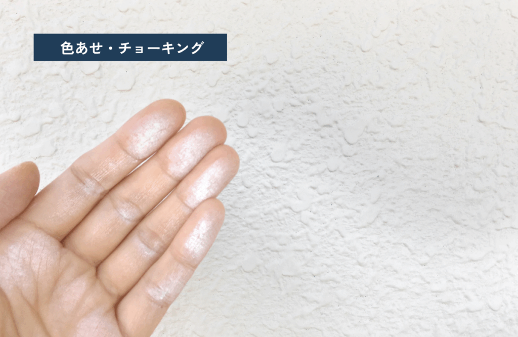 紫外線や雨風に長期間さらされることで、塗料に含まれる顔料が分解され、粉状になって表面に現れる現象です。外壁を手で触ると白い粉が付着するのが特徴です。これは、塗膜が本来持っている「外壁材を保護する」という防水性や耐久性の機能が低下し始めていることを示す、初期のサインとなります。
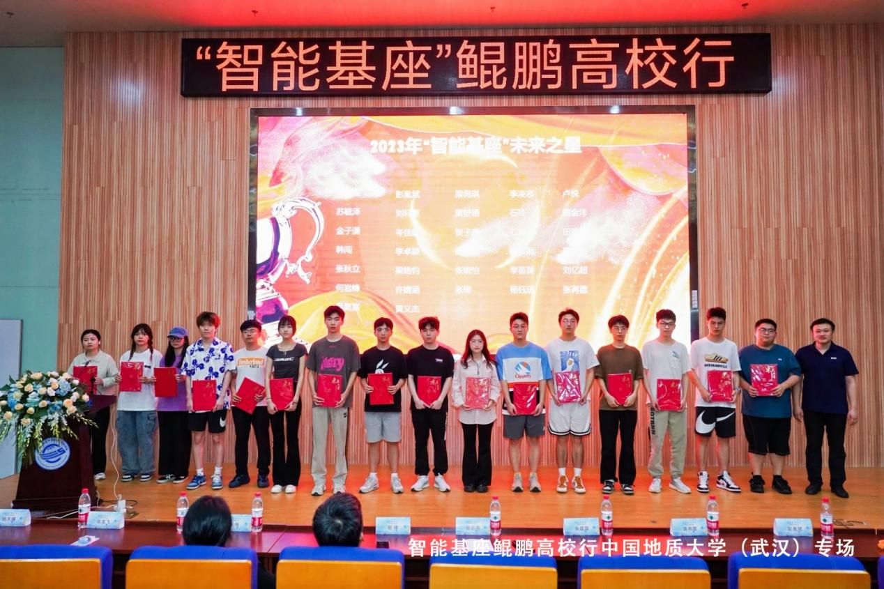 2023年公司共计32人获得智能基座奖学金,在颁奖环节中,陈经理亲自为荣获智能基座奖学金的员工们颁发智能基座“未来之星”证书。这些同学不仅在课堂上展现了卓越的学习能力,更在鲲鹏、昇腾及华为云技术相关的学习、课程建设、众智项目、社团和竞赛活动中表现突出,展现了他们的科研创新精神和技术开发能力。
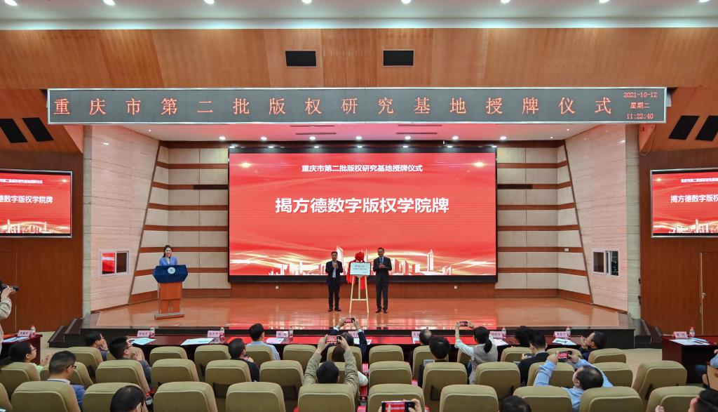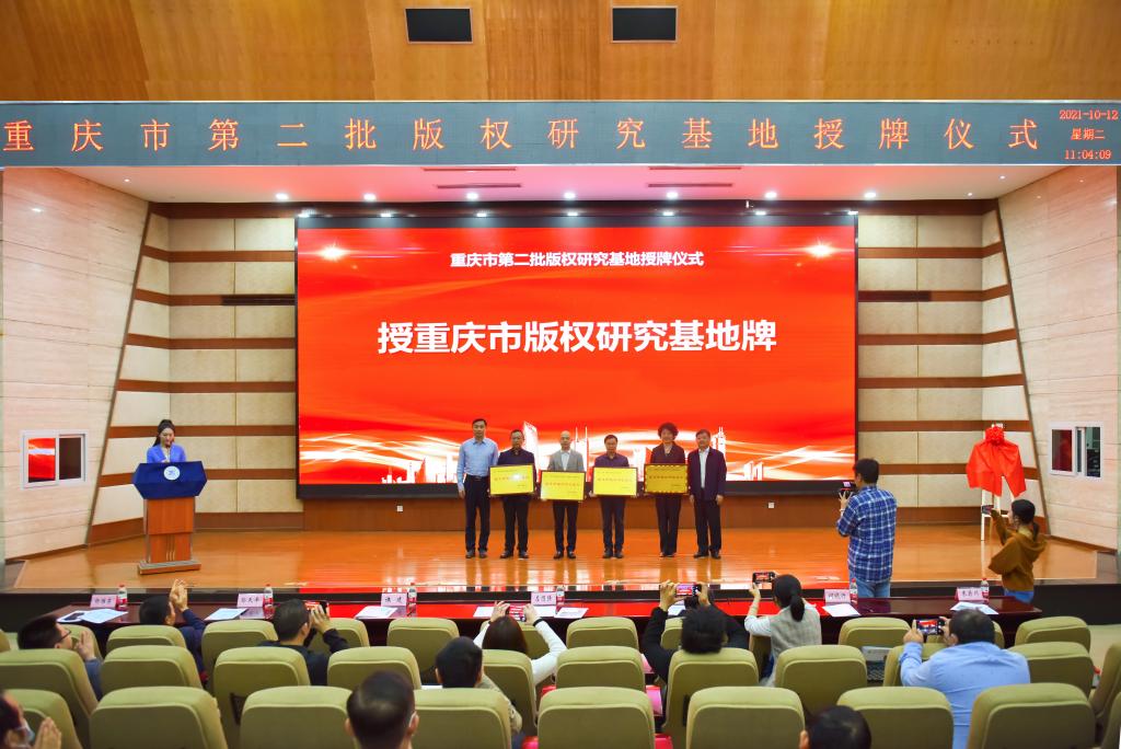 10月12日,重庆市第二批版权研究基地授牌仪式在我校举行。市委宣传部二级巡视员左图强,市教育委员会二级巡视员谯建,我校党委书记王官成、院长郭天平,重庆邮电大学,重庆工商大学,重庆文化艺术职业学院相关领导出席仪式,重庆邮电大学、重庆工商大学、重庆文化艺术职业学院及我校师生代表共计100余人参加仪式。
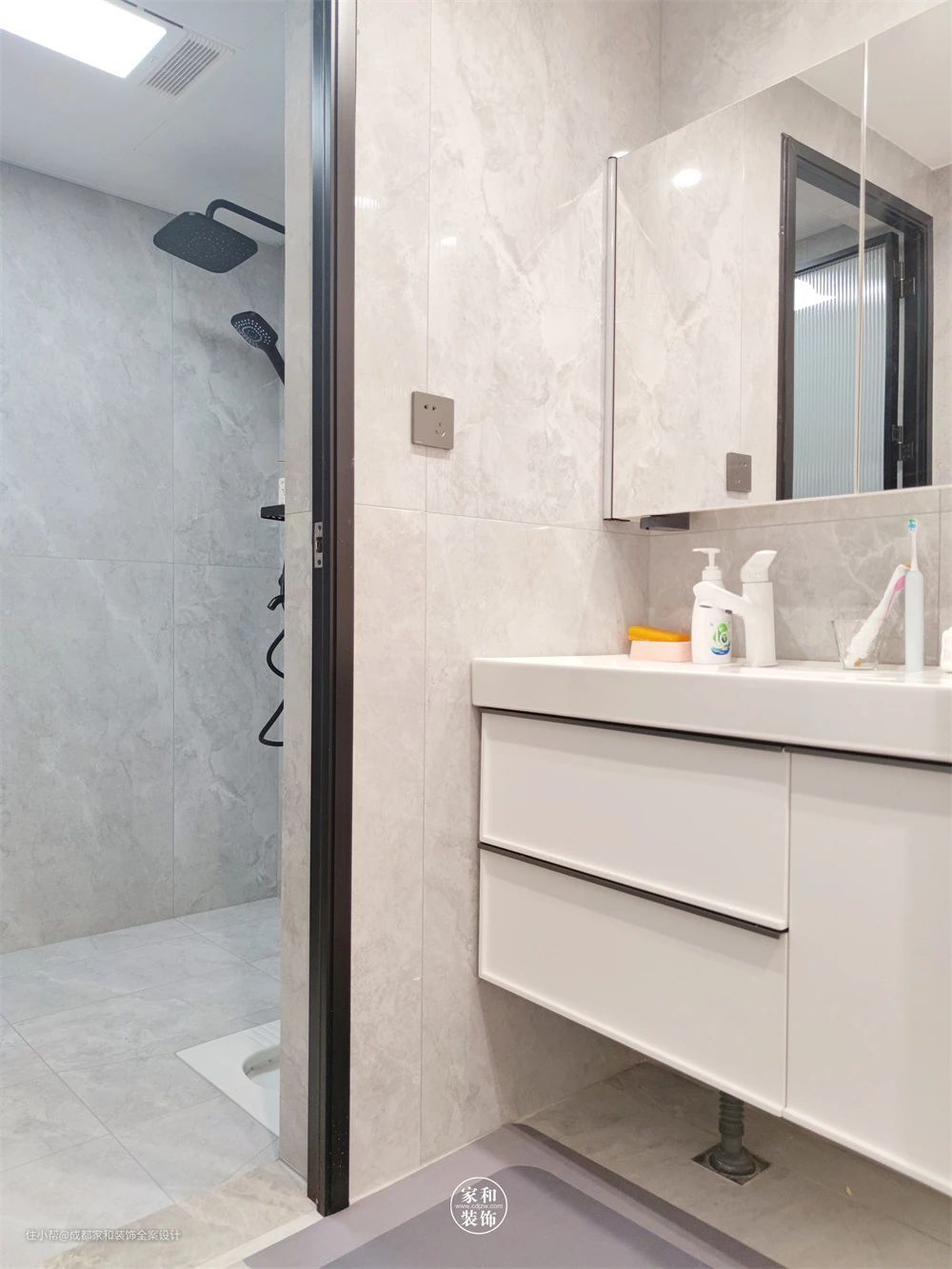 这对于家里只有一个卫生间或暗卫的人而言是很好的选择,一方面可以通过调整洗手台的位置对卫生间进行重新规划,另一方面,日常洗漱场景下,不用看见马桶,减少交叉,是更为卫生的选择。

## WORK INSTRUCTIONS
Give back, exactly as written, the lines from the top of the material through the line with "10月12日,重庆市第二批版", ends included and pictures left aside.

## REPLY TO THE TASK
 紫外線や雨風に長期間さらされることで、塗料に含まれる顔料が分解され、粉状になって表面に現れる現象です。外壁を手で触ると白い粉が付着するのが特徴です。これは、塗膜が本来持っている「外壁材を保護する」という防水性や耐久性の機能が低下し始めていることを示す、初期のサインとなります。
 2023年公司共计32人获得智能基座奖学金,在颁奖环节中,陈经理亲自为荣获智能基座奖学金的员工们颁发智能基座“未来之星”证书。这些同学不仅在课堂上展现了卓越的学习能力,更在鲲鹏、昇腾及华为云技术相关的学习、课程建设、众智项目、社团和竞赛活动中表现突出,展现了他们的科研创新精神和技术开发能力。
 10月12日,重庆市第二批版权研究基地授牌仪式在我校举行。市委宣传部二级巡视员左图强,市教育委员会二级巡视员谯建,我校党委书记王官成、院长郭天平,重庆邮电大学,重庆工商大学,重庆文化艺术职业学院相关领导出席仪式,重庆邮电大学、重庆工商大学、重庆文化艺术职业学院及我校师生代表共计100余人参加仪式。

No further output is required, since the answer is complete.